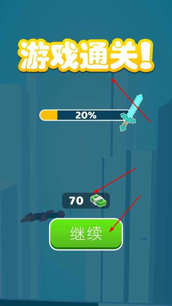 4、游戏通关后,可获70货币奖励,点击继续进入下一关,也可关注武器进度,后续强化提升战力。
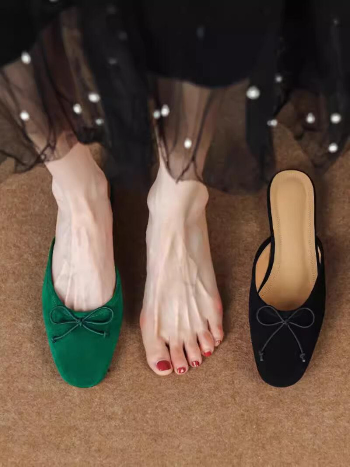 かかとのないミュールタイプのパンプスなら、足元に抜け感を演出できます。出かけるときに気負いせずサッと履けるのも魅力的。シックな雰囲気のある深めのグリーンとブラックの2色は、どちらも秋の装いと相性抜群です。さりげなくリボンをあしらい、かわいらしさもプラスします。
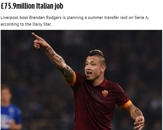 16일(한국시각) 영국 일간지 데일리스타는 리버풀이 AS로마의 미드필더 미랄렘 피야니치, 라디야 나잉골란 듀오와 라치오의 공격수 케이타 볼데 디아오를 노리고 있다고 보도했다. AS로마와 라치오는 모두 로마를 연고로 하는 구단들이다. 피야니치는 브렌단 로저스 감독의 눈길을 받고 있다. 로저스 감독은 피야니치를 스티븐 제라드의 대체자가 될 수 있을 것이라 평하고 있다. 피야니치의 몸값은 2500만파운드로 추정된다.
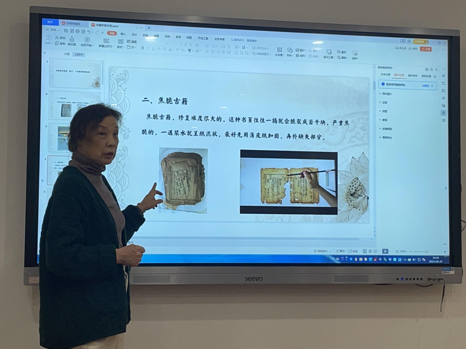 讲座使师生对古籍修复应遵循的原则、修复材料的选择、修复过程的注意事项有了进一步了解,对不同程度破损的古籍修复方案有了更深的认识。
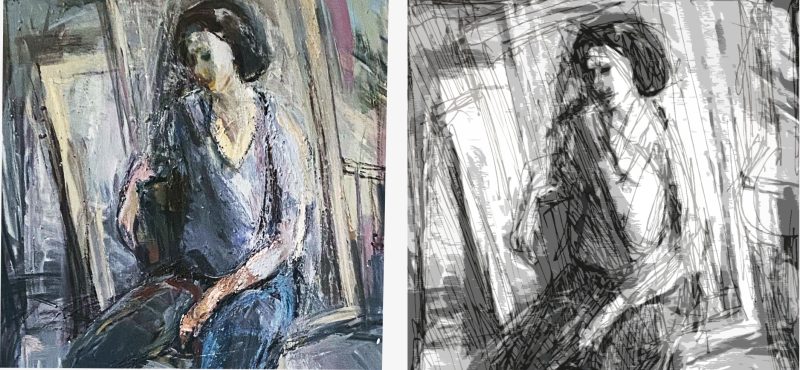 Im Atelier sitzend, fällt mein Blick auf eine junge Frau, vor Jahren flüchtig gemalt, die mich auffordert: „Zeichne mich“. Soll ich etwa mein eigenes Gemälde abzeichnen? Umgekehrt würde ein Schuh draus: erst zeichnen, dann malen. So macht man das von altersher.
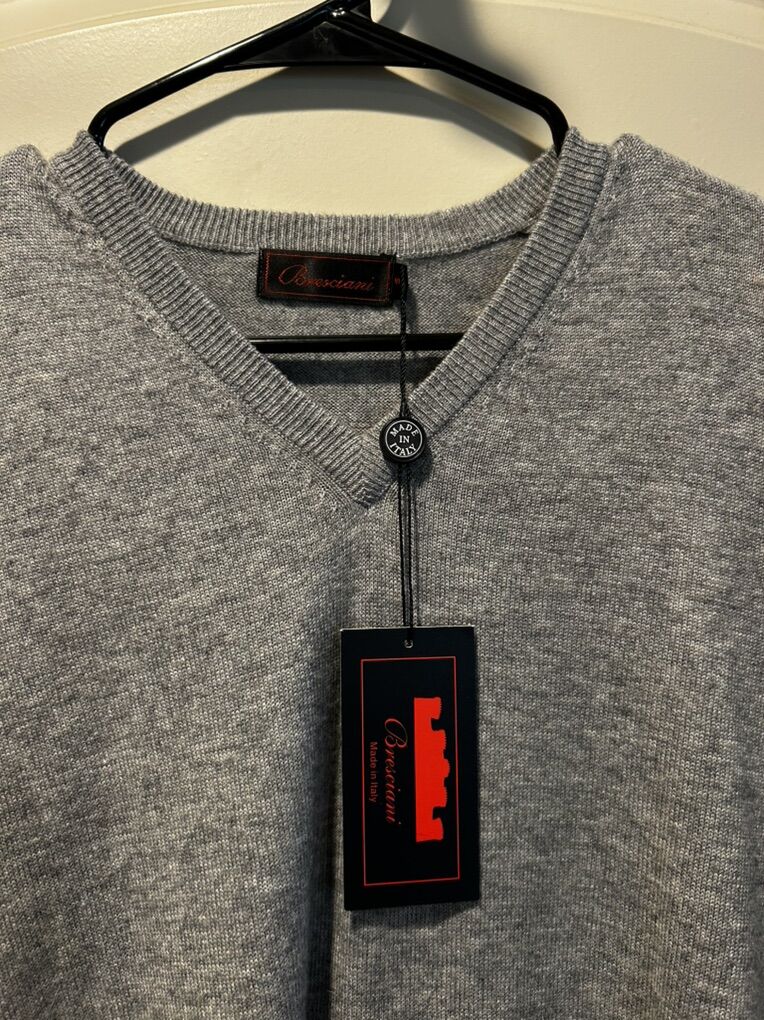 VenmoNew tags men’s size small cashmere and Marino wool long sleeve gray V-neck sweater. Made in and purchased from Italy. This is a beautiful high-quality high-end luxury item. Clean smoke free. Cash or Venmo. Pick up in Alpine.
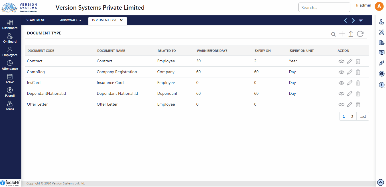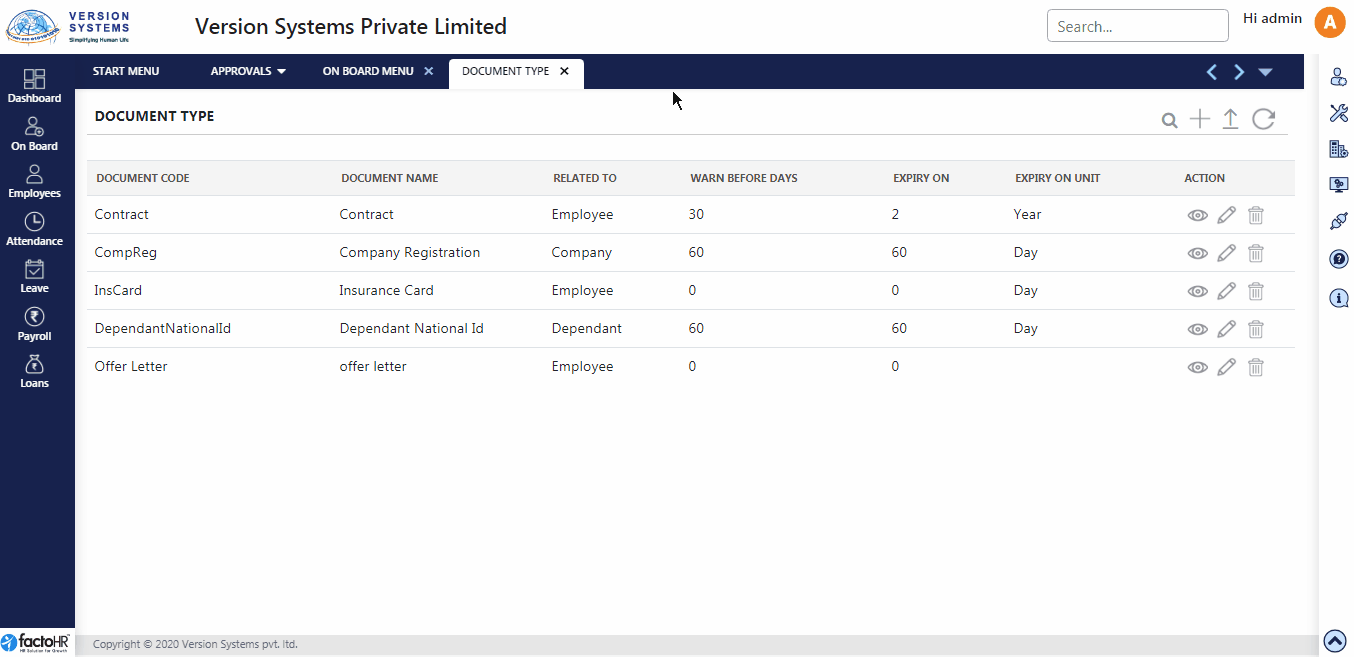 - There are buttons provided under Action Column. If you want to view the created document type then click on eye icon.

——

The material above holds pictures; leave them out. Repeat exactly the lines from the one containing "讲座使师生对古籍修复应遵循的" through the one containing "VenmoNew tags men’s", and nothing else.

 讲座使师生对古籍修复应遵循的原则、修复材料的选择、修复过程的注意事项有了进一步了解,对不同程度破损的古籍修复方案有了更深的认识。
 Im Atelier sitzend, fällt mein Blick auf eine junge Frau, vor Jahren flüchtig gemalt, die mich auffordert: „Zeichne mich“. Soll ich etwa mein eigenes Gemälde abzeichnen? Umgekehrt würde ein Schuh draus: erst zeichnen, dann malen. So macht man das von altersher.
 VenmoNew tags men’s size small cashmere and Marino wool long sleeve gray V-neck sweater. Made in and purchased from Italy. This is a beautiful high-quality high-end luxury item. Clean smoke free. Cash or Venmo. Pick up in Alpine.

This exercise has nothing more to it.